A new advocacy group is angling for Oregon to use its moment as one of the only fully Democratic-controlled state governments in the country and pass the country’s first statewide carbon tax.
The group, called Oregon Climate, is pushing a concept called “tax and dividend”: instead of sending the proceeds into government coffers, all of the revenue collected from wholesale fossil-fuel transactions — gasoline to a distributor, coal to a power plant, and so on — would be pooled and divided evenly among Oregonians in the form of checks worth an estimated $500 to $1500 per year.
“This is the most climate-friendly progressive legislature that we’ve had, and maybe the most climate-friendly in the country right now,” Oregon Climate Executive Director Camila Thorndike said in an interview Tuesday. “States across the country have their eyes on Oregon, and we cannot let this opportunity pass by.”
“Rather than bundles of piecemeal decision-making, you’d have an economywide transition to walkable, bikeable, livable cities.”
— Camila Thorndike, Oregon Climate
Prices would rise in Oregon for concrete, gasoline, electricity and other fossil-fuel-intensive products.
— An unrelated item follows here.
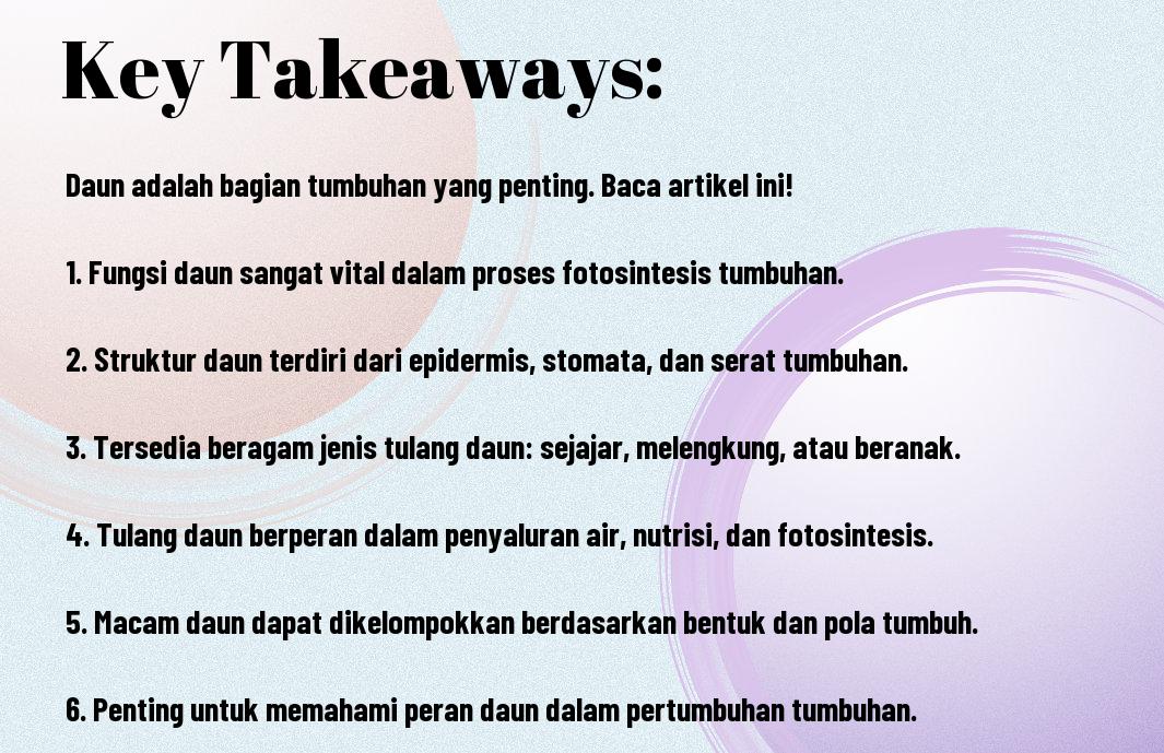 Daun adalah bagian dari tumbuhan yang sangat penting dalam proses fotosintesis. Dalam tumbuhan, daun memiliki fungsi untuk menangkap energi matahari dan mengubahnya menjadi makanan melalui proses fotosintesis. Struktur daun terdiri dari berbagai bagian seperti epidermis, stomata, dan kloroplas. Ada berbagai macam tulang daun, seperti paralel, menyirip, dan retikuler. Memahami dengan baik tentang daun akan membantu kita untuk lebih menghargai kehidupan tumbuhan di sekitar kita.

Dan Golden, Oregon Climate’s volunteer policy director, said Tuesday that their proposed tax of $30 per ton of carbon (increasing by $10 each year) would translate into about 27 cents per gallon of gasoline, increasing another 9 cents each year.
However, those additional costs would be offset by the checks Oregonians would receive. Oregonians with smaller-than-average carbon footprints would come out ahead, while those with larger-than-average emissions would lose — giving everyone continued incentives to cut their energy consumption.
“I’m not a transportation expert but I think if I were, I’d be really stoked about carbon pricing,” Thorndike said. “Rather than bundles of piecemeal decision-making, you’d have an economywide transition to walkable, bikeable, livable cities. … We’d have so many incentives backed financially to really build our lives and our economy around alternatives to cheap gas.”
Carbon tax could lead to gas tax flexibility, too
In addition to that benefit to people who get around Portland by bicycle, Oregon Climate’s proposal might also open another door in the transportation world. Because a tax on greenhouse gas emissions would count as a tax on gasoline, Oregon Climate’s proposal would only work if the state votes to amend or repeal its 35-year ban on using gas taxes or auto fees for anything except roads.
That ban, in Article IX, Section 3a of Oregon’s constitution, has been a thorn in transportation advocates’ side since the day it was passed. Among other things, it’s one of the big reasons the Portland area has so few off-street biking paths.
But the ban has many friends, too — so many that it’s long been seen as politically untouchable.
One of its enemies is longtime local transportation advocate Jim Howell, who in a separate effort is trying to get support for a bill, SJR 16, that would let vehicle taxes and fees be spent on “infrastructure that reduces traffic burden of, or pollution from, motor vehicles on public roads.”
Howell argues that 2016, a presidential election year, will give Oregon an electorate as friendly as it’s ever been to repealing that ban.
The year 2016 is also in the sights of Oregon Climate, though Golden conceded that the group is working toward a possible constitutional amendment “whether or not it’s politically realistic now.”
“We want to be the terrier that sinks their teeth into this thing and won’t let go,” he said. “We’re trying to let everyone know that we’re not going to go away if it doesn’t happen right now or it won’t happen in 2016. … There are a lot of voices out there motivated by the politically realistic thing. We’re motivated by the scientifically realistic thing. And that is that we need an effective price on carbon.”
Cap-and-dividend system, a second option, wouldn’t need a popular vote
Putting a price on carbon might not require a tax. Another option would be for the state legislature to approve a “cap and dividend” system that would let the state sell or auction off the rights to emit certain amounts of greenhouse gas.
The proceeds from those sales would be evenly divided among Oregon residents each year, much like those from a tax.
“A tax is better,” Golden said. “It has a smaller regulatory burden; you’re not creating a whole market for selling permits. … I know what the price of carbon is going to be in 10 years or 30 years.”
But a tax might be harder to pass, because it’d require ballot approval by voters statewide as well as 60 percent approval from both House and Senate. So Oregon Climate is simultaneously pushing for the “cap and dividend” system, which it says doesn’t count as a tax, and would therefore require just 50 percent approval from both houses, plus Gov. Kate Brown’s signature.
The cap-and-dividend option would leave the constitution’s restriction on gas taxes untouched.
Golden said Oregon Climate is focused only on one goal: pricing carbon and redistributing the proceeds evenly among Oregonians.
“There’s no better time than right now,” he said. “Except for years ago.”